極彩色のノイズ
結人にとって、世界はいつだって、うるさすぎた。
夜明け前の静かな空の色は、まだ薄い藍色と白のグラデーションを保っている。そのわずかな安らぎを貪るように、結人はヘッドホンを耳に押し込んだ。それは単なる防音のためではない。耳栓や防具の全ては、「極彩色のノイズ」から脳を守るための、心許ない盾だった。
今日の現場は、都心にそびえ立つ高層ビルの建設現場だ。
ゲートをくぐった瞬間、世界は一気に色彩と音の奔流へと変わる。鉄骨の鋭い銀色の輝き、安全ベストの蛍光黄色の警告、そしてそれら全てをかき消す、人々の感情という名の音色。

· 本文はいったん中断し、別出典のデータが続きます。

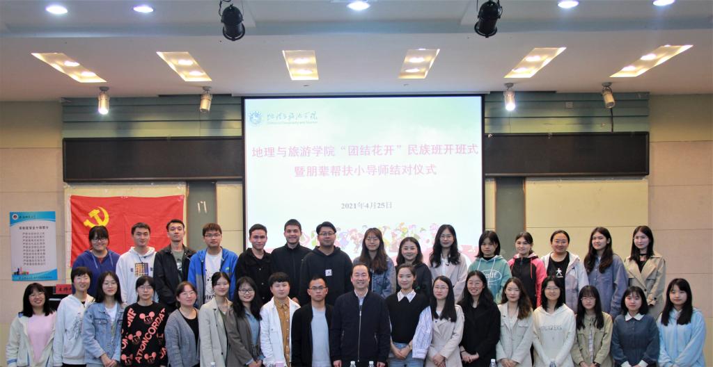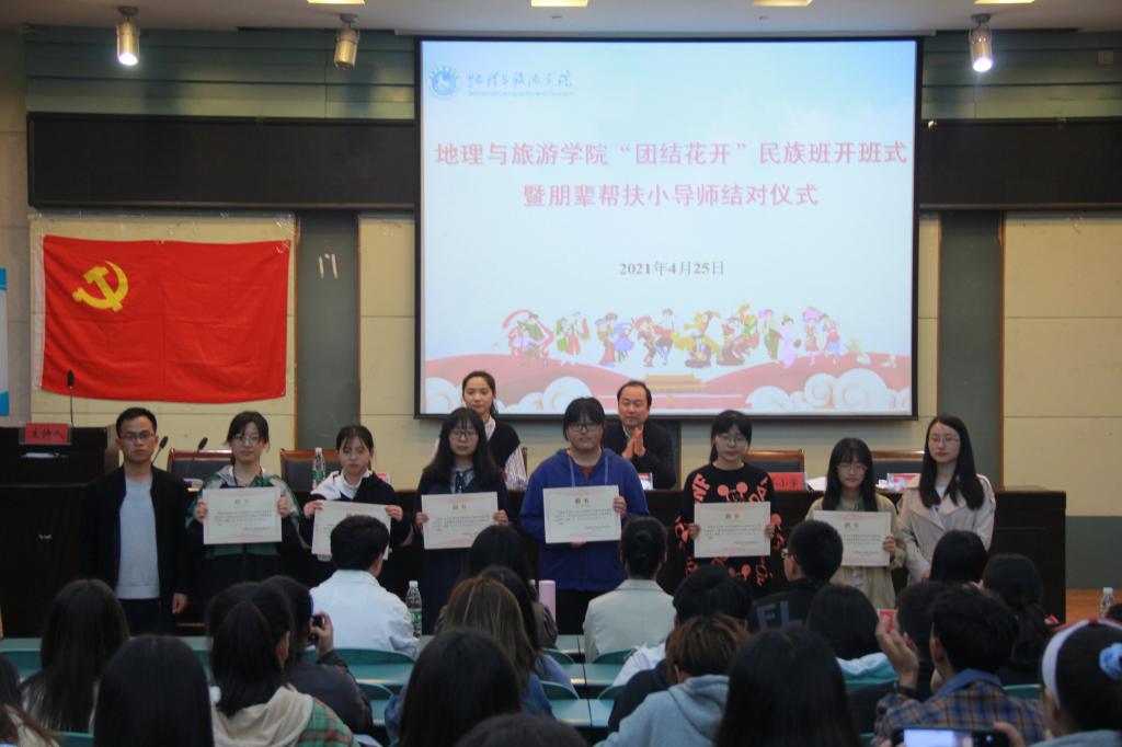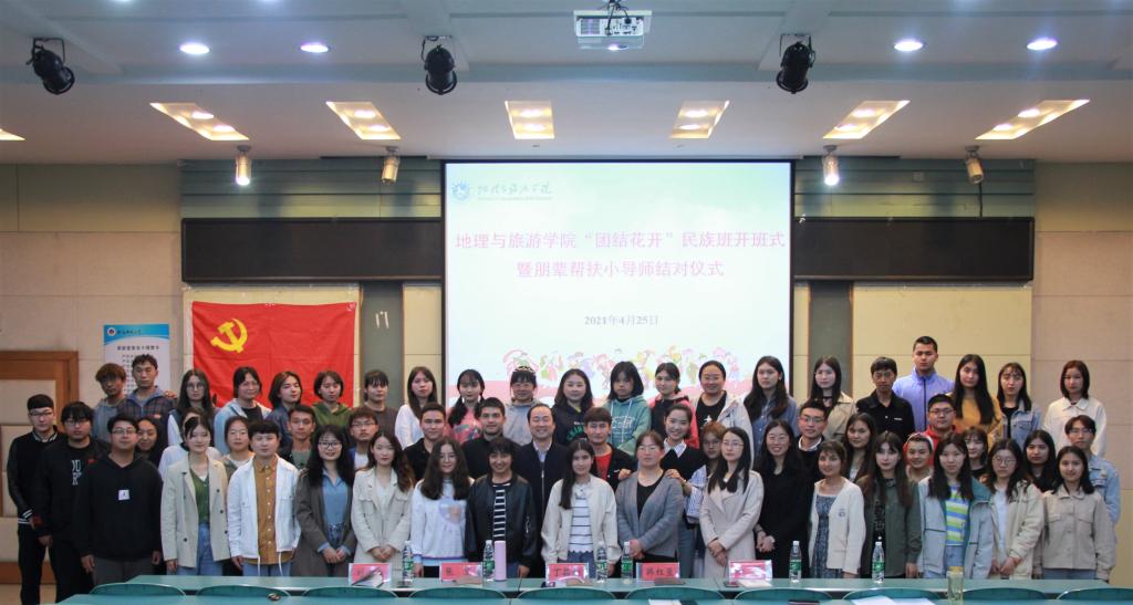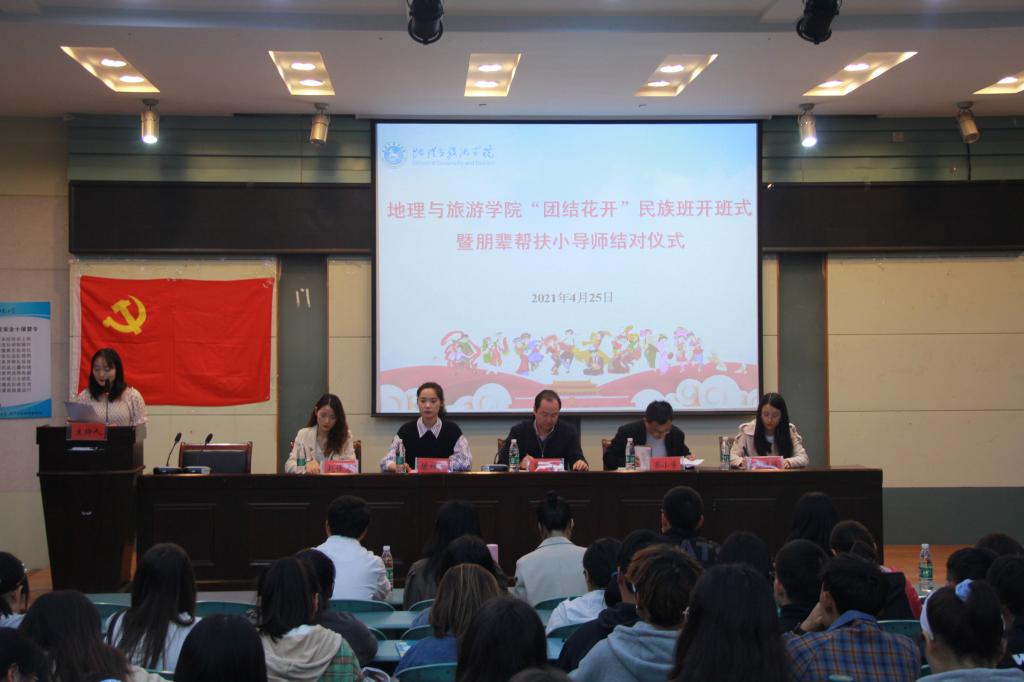 本网讯(地旅学院 赵佳慧 洪茹芊 高星月)为深入推进党史学习教育,切实贯彻全国高校思想政治工作会议精神,积极宣传党的民族政策,促进民族团结,铸牢中华民族共同体意识,进一步切实加强新疆西藏等少数民族学生教育管理服务工作,4月25日晚,beat365英国官方网站首期“团结花开”民族班开班式暨朋辈帮扶小导师结对仪式在院实验楼101举行。地旅学院党委副书记乔静、院团委书记陈祥云,辅导员代表、各民族学生、以及帮扶学生代表出席会议。开班仪式由丁梦瑶主持。
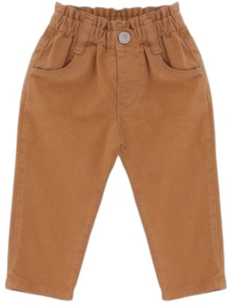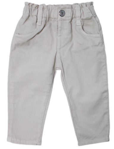 Hose aus elastischer Baumwolle, Modell mit fünf Taschen, elastischem Bund, Druckknopfverschluss, Applikation auf der Rückseite.
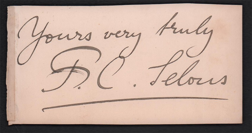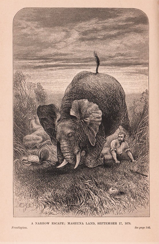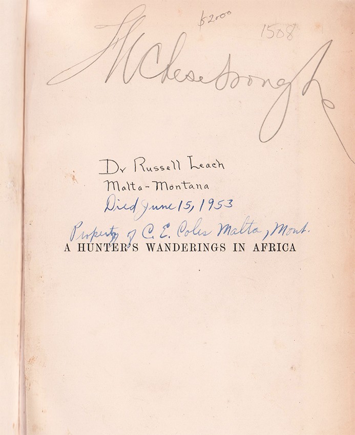 Second Edition: 455 pages, wood engraved frontispiece "A narrow escape; Mashuna Land, September 17, 1878", folding map, 18 engraved plates, original green cloth recased, the three antelope heads stamped in gold on the upper cover, titled gilt on the spine, uncut edges, mark on the black front paste down end paper, inscriptions of previous owners on the half title page, contents bright, a very good copy. A card with an inscription in Selous’s hand is loosely inserted – ‘Yours very truly, F.C. Selous.’
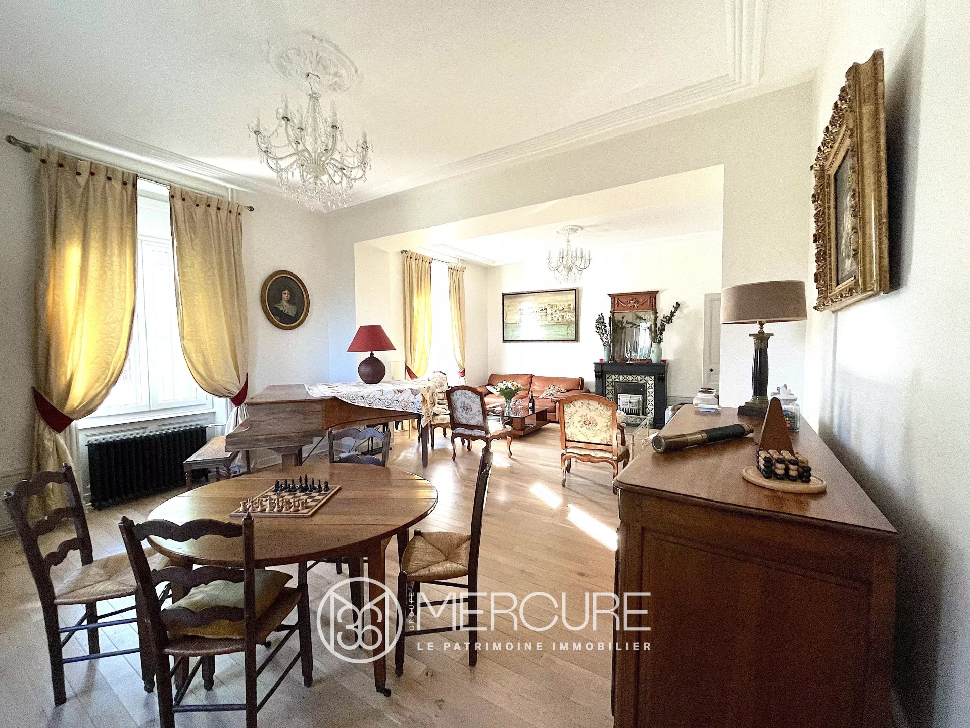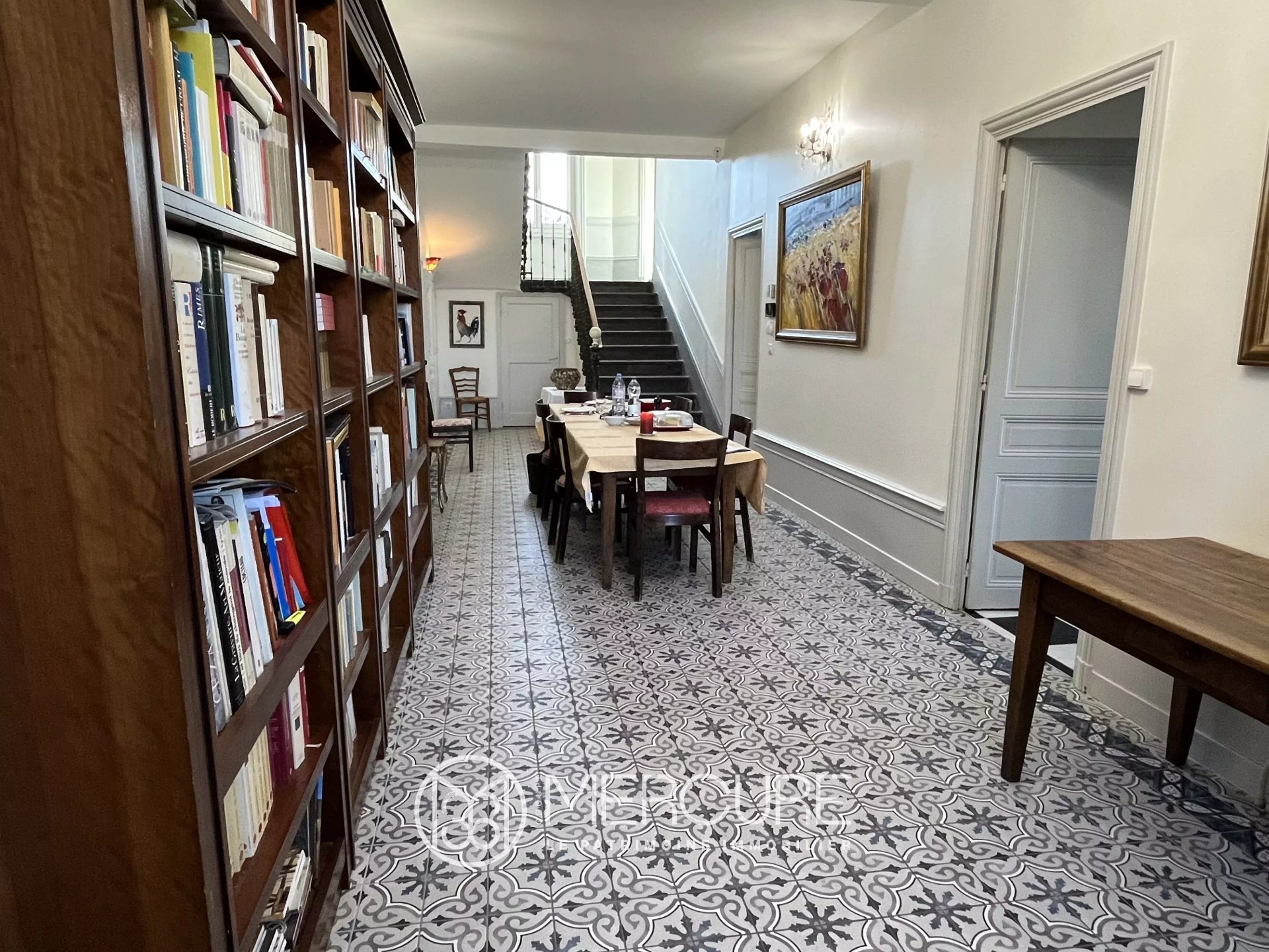 Le rez de chaussée de la maison s’ouvre sur un vaste hall d’entrée magnifiquement rénové qui dessert un salon-séjour double lumineux, un bureau, une chambre de plain-pied, la cuisine et une salle d’eau avec toilettes.
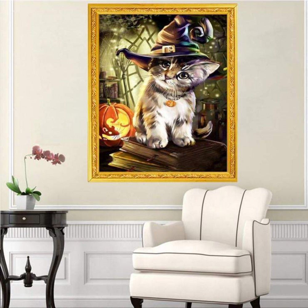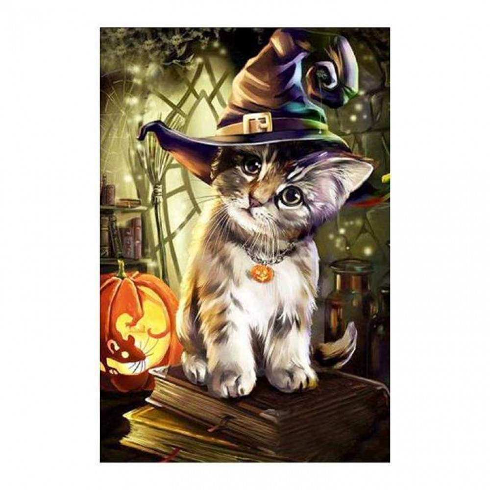New Arrival Hot Sale Curious Cat Wears Magic Halloween Hat Diamond Painting Kits UK VM0057
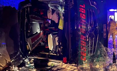Bingöl'de bir yolcu otobüsünün devrilmesi sonucu gerçekleşen kazada 2 kişi hayatını kaybetti, 16 kişi yaralandı.

結人の視界に入った瞬間、五十代のベテラン職人、古川の周りから、濁った茶色と赤が混じったもやが立ち上るのが見えた。同時に聞こえるのは、低音の「ブーン」という唸り。それは重機が出す音ではなく、古川の腹の底で渦巻く不機嫌と、朝から抱えている妻への愚痴が発する、生理的に不快な音だ。
「よお、結人。お前、昨日の締め作業、雑だったぞ」
古川の言葉は、まるで口から飛び出した黒いオイルのように、ねばつきながら結人の皮膚に張り付いてくる。視覚と触覚が混線し、息苦しさを覚える。結人の脳裏には、今日の作業が終わるまで、このオイルと低周波音に全身を晒さなければならないという絶望感がよぎった。
結人は深く息を吸い込み、「演技のマスク」を装着する。顔の筋肉を制御し、いつもの「穏やかで気の利く若手」の表情を作る。
「すみません、古川さん。すぐ確認します」
笑顔を貼り付け、その言葉の裏で、意識的に感情のシャッターを閉ざす。これで、今日の極彩色とノイズの浸食を、なんとか「窒息」寸前で耐えきることができる。だが、このマスクを維持するために消費する膨大なエネルギーが、一日の終わりに自分を波のように押し寄せ動けなくするのだ。
そして、その膨大な疲労が、一人になった結人を容赦なく、飲み込むのだった。